Vetch peas has a good mineral content and stimulate the sex drive.

Maple peas are a good average legume, fair in mineral content and poor in vitamins.


----------



## Vasp (Jul 25, 2006)

I'm going to call around and look around to see if anyone has these peas. I'll remember to make a mix of different types. What are the most crucial items from each ingredient category (peas, grains, seeds)?


----------



## Victor (Dec 18, 2004)

Vasp said:


> LOL. Of course I wouldn't spoil them.  Right now all they like is their seeds, and a bit of their corn (I think it's cracked corn?). They like their sunflower seeds though. I don't know what kind they are, but they're black and smaller than the ones we usually buy to eat. So maybe I'll just put in a little bit of food, enough for both pigeons for a day, and make sure they eat almost everything before giving them more. How much does a pigeon need in a day, exactly?



Cracked corn is not good to give to them.
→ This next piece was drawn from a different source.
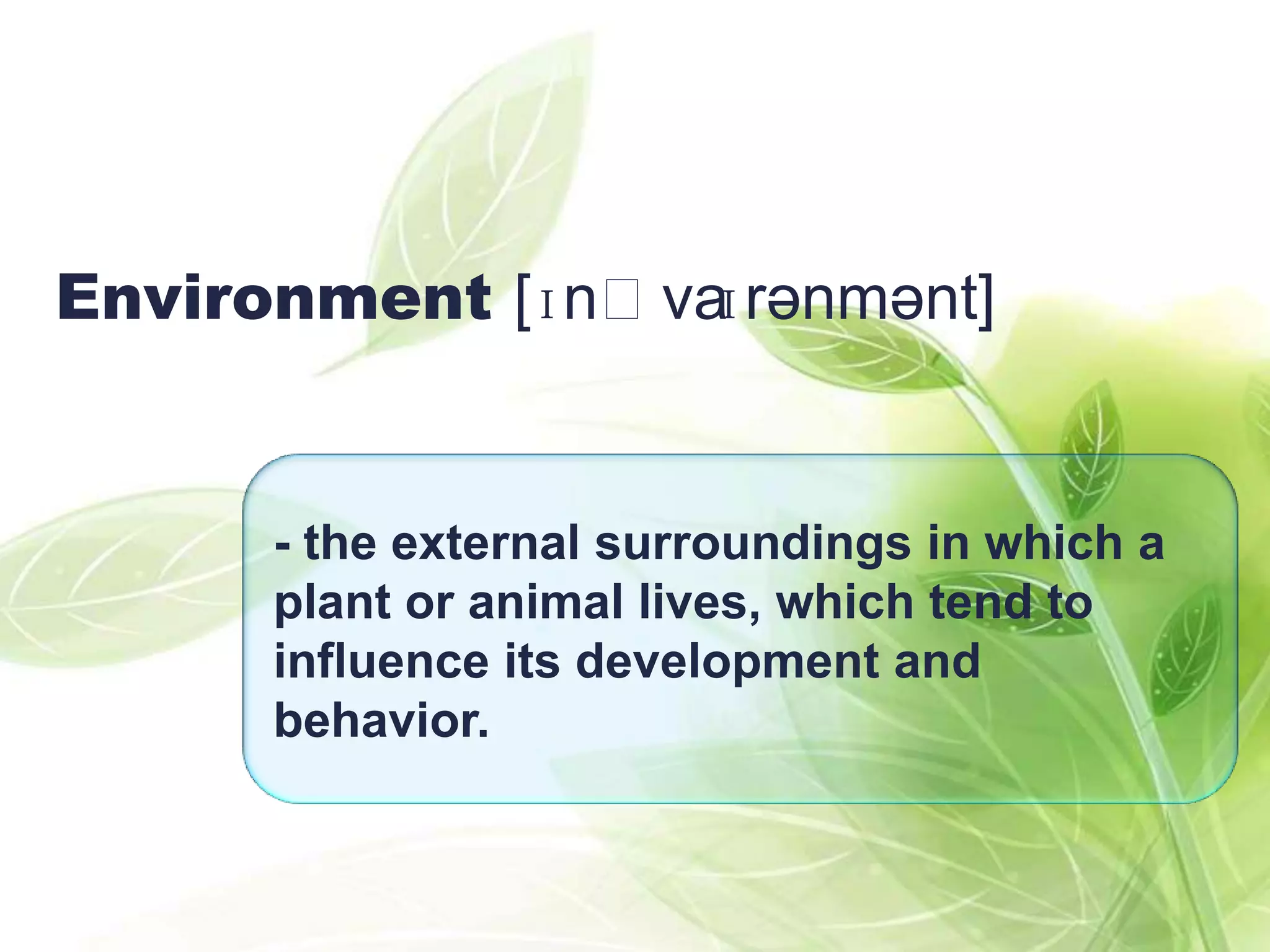 1. It defines environment, ecology, and ecosystem - describing the interactions between organisms and their physical surroundings.

Feed them the whole corn seed.Personally, I quit offering my pigeon the black sunflower seeds, and occasionally mix in the shelled unsalted raw sunflower seeds. I have heard too many stories of the black seeds getting stuck in their crop or tearing them up.
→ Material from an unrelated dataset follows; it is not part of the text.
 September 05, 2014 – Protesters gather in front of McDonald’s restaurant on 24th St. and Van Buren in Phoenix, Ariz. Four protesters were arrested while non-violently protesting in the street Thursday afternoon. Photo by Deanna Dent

I do mix in split green peas and dry lentil seeds in their mix and most of them love the added supplement to their meal.


----------



## Jiggs (Apr 1, 2005)

I give mine around 25g / 1oz of prepared racing seed per day, a pet I supose can get slightly more. I also only feed small amounts of sunflower seeds. Unfortuanatly am not close to home so cannot give you the names of all of them.

however search some of the older threads there have been many on nutrition. I think I have posted on it before with my full "range"


----------